# Task details
Only one stretch of the listing below is wanted. Begin at the line that has "会上,各班级团支部结合图片与", stop after the line that has "美国Personna公司有生", and repeat every line in between exactly.

# Record excerpts
◇ ◇ ◇ ◇ ◇
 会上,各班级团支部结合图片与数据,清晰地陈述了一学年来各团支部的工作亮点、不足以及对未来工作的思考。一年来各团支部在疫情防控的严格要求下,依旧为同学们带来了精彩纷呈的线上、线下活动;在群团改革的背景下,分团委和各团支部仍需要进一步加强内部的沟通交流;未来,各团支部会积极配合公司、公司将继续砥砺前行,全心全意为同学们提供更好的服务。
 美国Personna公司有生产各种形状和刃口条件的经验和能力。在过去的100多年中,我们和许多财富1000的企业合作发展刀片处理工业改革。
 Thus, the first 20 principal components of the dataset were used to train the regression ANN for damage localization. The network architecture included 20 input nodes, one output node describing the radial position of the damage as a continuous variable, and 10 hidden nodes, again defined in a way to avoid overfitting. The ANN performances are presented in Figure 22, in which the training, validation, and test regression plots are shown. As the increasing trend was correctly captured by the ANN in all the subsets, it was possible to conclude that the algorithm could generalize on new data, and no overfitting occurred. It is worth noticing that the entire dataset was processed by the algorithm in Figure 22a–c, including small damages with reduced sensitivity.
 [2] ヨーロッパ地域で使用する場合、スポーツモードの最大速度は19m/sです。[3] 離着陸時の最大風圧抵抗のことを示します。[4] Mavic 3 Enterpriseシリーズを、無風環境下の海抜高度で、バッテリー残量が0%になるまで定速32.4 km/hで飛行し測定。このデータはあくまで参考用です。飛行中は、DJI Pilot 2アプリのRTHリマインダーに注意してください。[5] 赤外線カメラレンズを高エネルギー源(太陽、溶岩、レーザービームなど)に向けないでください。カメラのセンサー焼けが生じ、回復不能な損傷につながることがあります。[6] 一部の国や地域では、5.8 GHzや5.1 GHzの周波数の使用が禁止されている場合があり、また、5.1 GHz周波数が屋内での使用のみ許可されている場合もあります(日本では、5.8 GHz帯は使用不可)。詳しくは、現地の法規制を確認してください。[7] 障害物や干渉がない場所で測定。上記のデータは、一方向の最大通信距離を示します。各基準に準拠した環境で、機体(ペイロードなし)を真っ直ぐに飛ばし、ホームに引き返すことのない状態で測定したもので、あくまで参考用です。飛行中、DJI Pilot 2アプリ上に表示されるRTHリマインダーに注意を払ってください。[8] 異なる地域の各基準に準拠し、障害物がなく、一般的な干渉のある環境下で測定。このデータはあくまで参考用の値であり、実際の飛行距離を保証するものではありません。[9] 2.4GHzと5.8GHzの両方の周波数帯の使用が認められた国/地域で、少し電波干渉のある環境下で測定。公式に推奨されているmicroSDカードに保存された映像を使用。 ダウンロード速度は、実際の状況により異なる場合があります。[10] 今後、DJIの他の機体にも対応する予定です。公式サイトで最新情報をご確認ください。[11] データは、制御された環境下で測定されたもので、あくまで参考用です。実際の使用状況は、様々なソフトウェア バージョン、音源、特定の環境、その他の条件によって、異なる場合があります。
◇ ◇ ◇ ◇ ◇
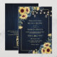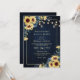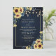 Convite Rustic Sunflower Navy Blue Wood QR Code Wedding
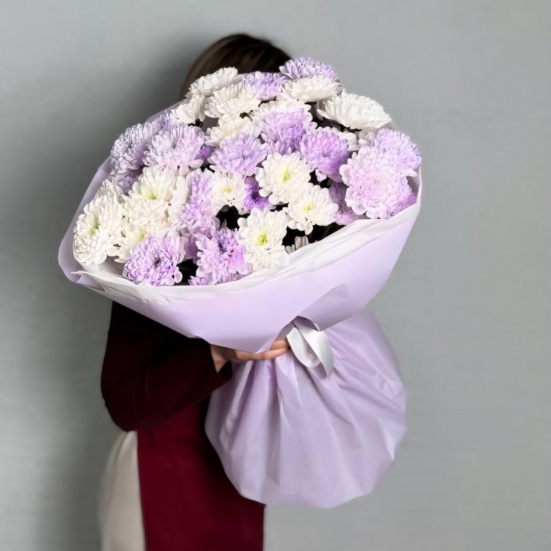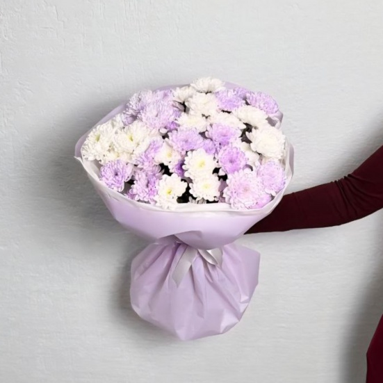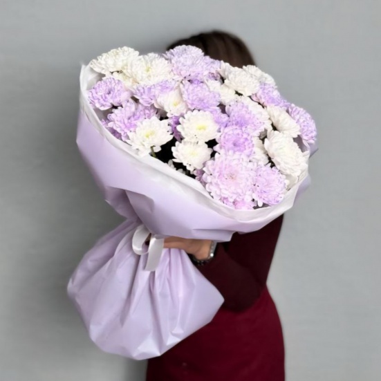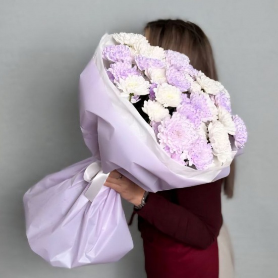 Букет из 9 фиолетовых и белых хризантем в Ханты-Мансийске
◇ ◇ ◇ ◇ ◇
# Response
 会上,各班级团支部结合图片与数据,清晰地陈述了一学年来各团支部的工作亮点、不足以及对未来工作的思考。一年来各团支部在疫情防控的严格要求下,依旧为同学们带来了精彩纷呈的线上、线下活动;在群团改革的背景下,分团委和各团支部仍需要进一步加强内部的沟通交流;未来,各团支部会积极配合公司、公司将继续砥砺前行,全心全意为同学们提供更好的服务。
 美国Personna公司有生产各种形状和刃口条件的经验和能力。在过去的100多年中,我们和许多财富1000的企业合作发展刀片处理工业改革。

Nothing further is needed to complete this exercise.